= Disposable income =

Total personal income minus current income taxes

Disposable income is total personal income minus current taxes on income. In national accounting, personal income minus the taxes on that income equals disposable income. Subtracting personal outlays for food, housing, transportation, and other forms of personal consumption expenditure yields personal savings.

The U.S. Bureau of Economic Analysis defines disposable personal income as personal income less personal current taxes. In July 2026, it estimated disposable personal income rose 0.5 percent from the preceding month, while personal saving was $712.0 billion and the personal saving rate, measured as personal saving as a percentage of disposable personal income, was 3.0 percent.

Restated, consumption expenditure plus savings equals disposable income after accounting for transfers such as payments to children in school or elderly parents' living and care arrangements.

The marginal propensity to consume (MPC) is the fraction of a change in disposable income that is consumed. For example, if disposable income rises by $100, and $65 of that $100 is consumed, the MPC is 65%. Restated, the marginal propensity to save is 35%.

For the purposes of calculating the amount of income subject to garnishments, United States' federal law defines disposable income as an individual's compensation (including salary, overtime, bonuses, commission, and paid leave) after the deduction of health insurance premiums and any amounts required to be deducted by law. Amounts required to be deducted by law include federal, state, and local taxes, state unemployment and disability taxes, social security taxes, and other garnishments or levies, but does not include such deductions as voluntary retirement contributions and transportation deductions.
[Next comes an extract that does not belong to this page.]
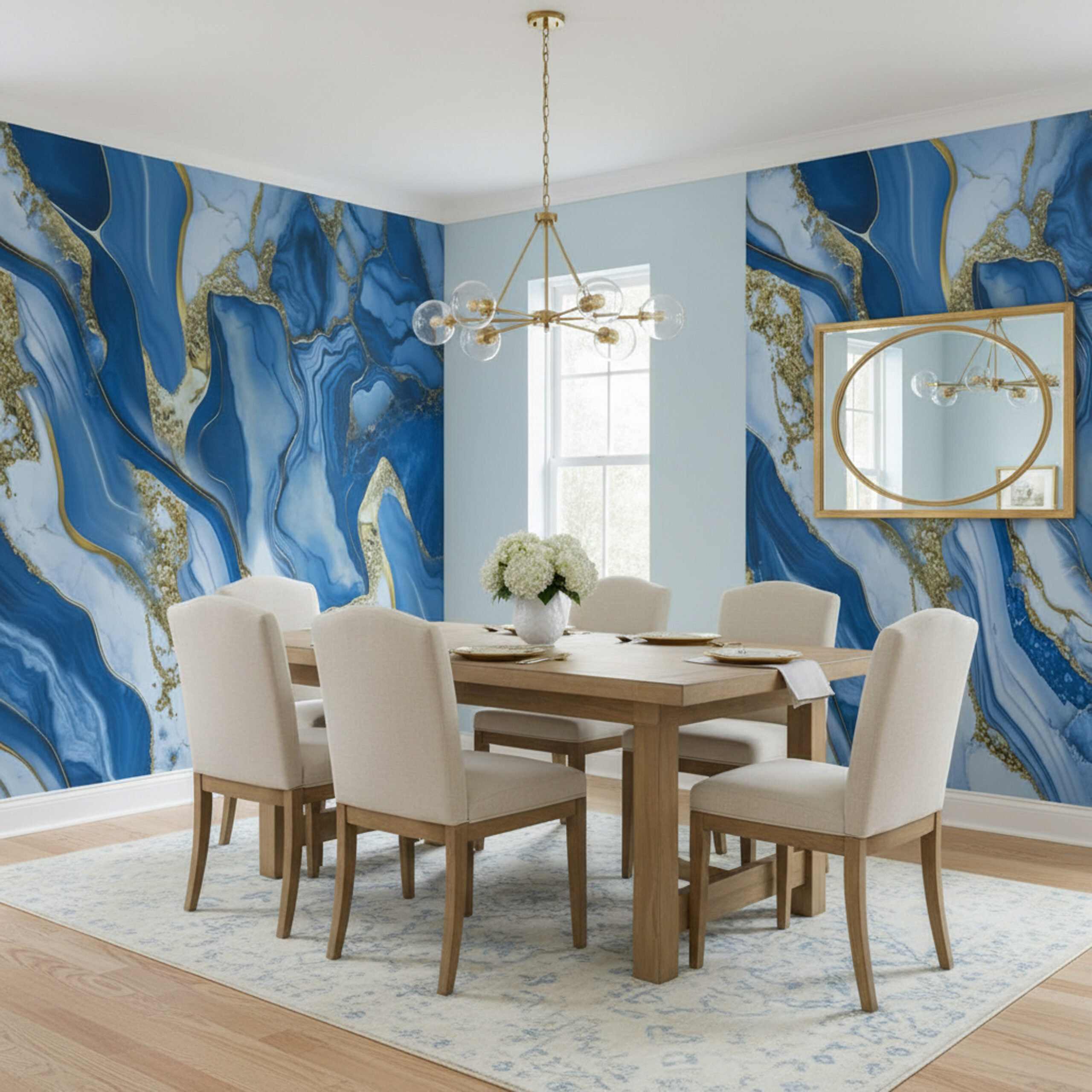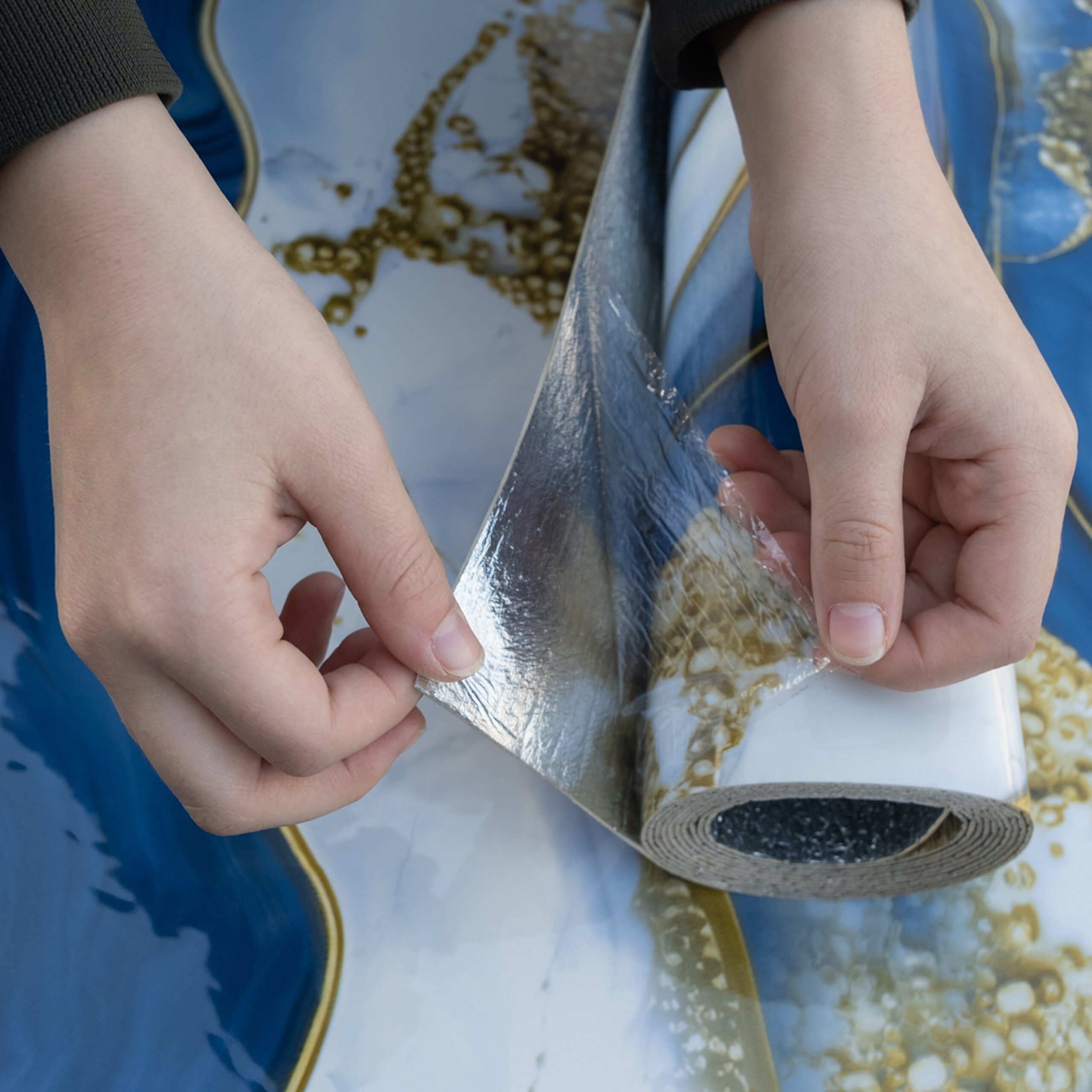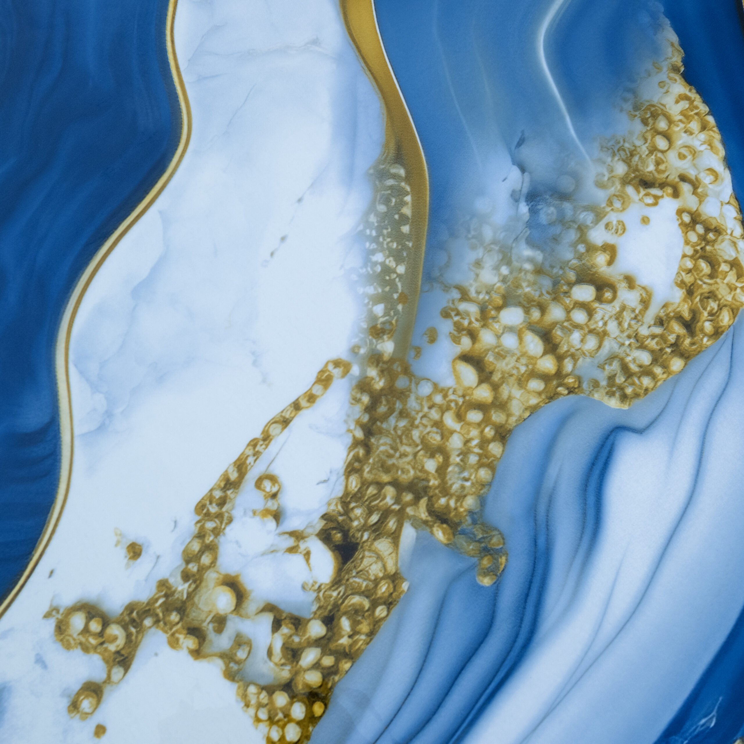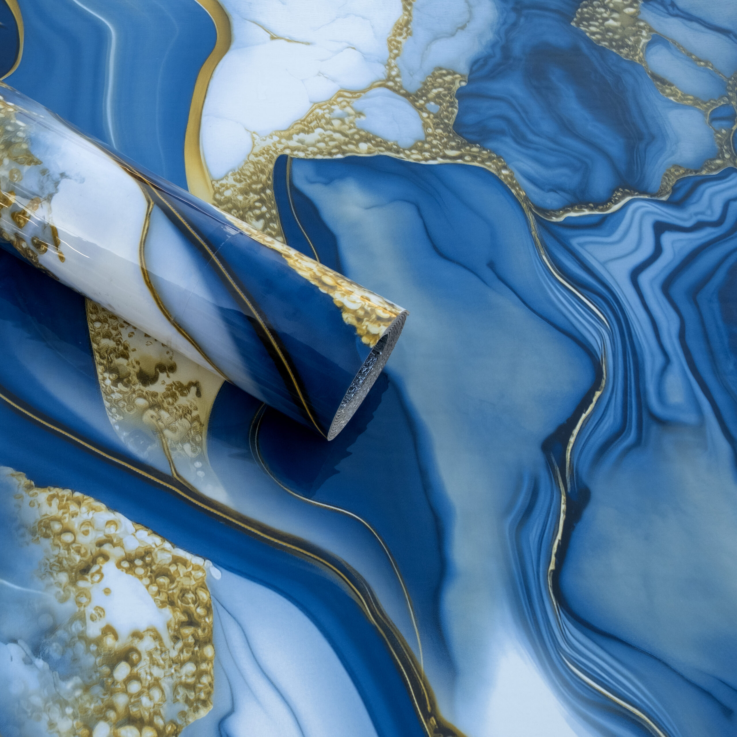 Sky Blue with White Golden Marble Design Self Adhesive UV Marble Foam Sheet 10X4 Waves Pattern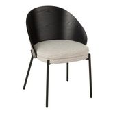 Informations Techniques : Dimensions : L. 53,5 x l. 54,2 x H. 74,6 cm Assise : H. 45,6 cm Matières : 40% Bois (Contreplaqué), 40% Métal & 20% Polyester Spécificités : Élégante & Moderne Chaise design Dossier arrondi Poids max supporté : 150 kg Poids : 6,08 kg Couleur : Noir & Gris

Those deductions would be made only after calculating the amount of the garnishment or levy. The definition of disposable income varies for the purpose of state and local garnishments and levies.

The consumer leverage ratio is the expression of the ratio of total household debt to disposable income.

==Meanings of disposable income==
Disposable income can be understood as:
- National disposable income of a country: The national income minus current transfers (current taxes on income, wealth etc., social contributions, social benefits and other current transfers), plus current transfers receivable by resident units from the rest of the world.
- Disposable personal (or family/household) income: The income that individuals or households have for their spending.

==Discretionary income==
Discretionary income is disposable income (after-tax income), minus all payments that are necessary to meet current bills. It is total personal income after subtracting taxes and minimal survival expenses (such as food, medicine, rent or mortgage, utilities, insurance, transportation, property maintenance, child support, etc.) to maintain a certain standard of living. Expenses that persist with zero income are termed autonomous consumption. Discretionary income is the amount of an individual's income available for spending after the essentials have been taken care of:

$\text{Discretionary income}$
$= (\text{Gross income} - \text{taxes}) - \text{all compelled payments}$
$= (\text{Disposable income}) - \text{autonomous spending}$

The term disposable income is often incorrectly used to denote discretionary income. For example, people commonly refer to disposable income as the amount of "play money" left to spend or save.

== In the national accounts ==
The system of national accounts defined the concept of disposable income for all institutional sectors of the economy. For corporations it is equal to profit retained, and for the government it is equal to taxes + income received from public corporation. The sum of disposable income across all institutional sectors is called the national disposable income.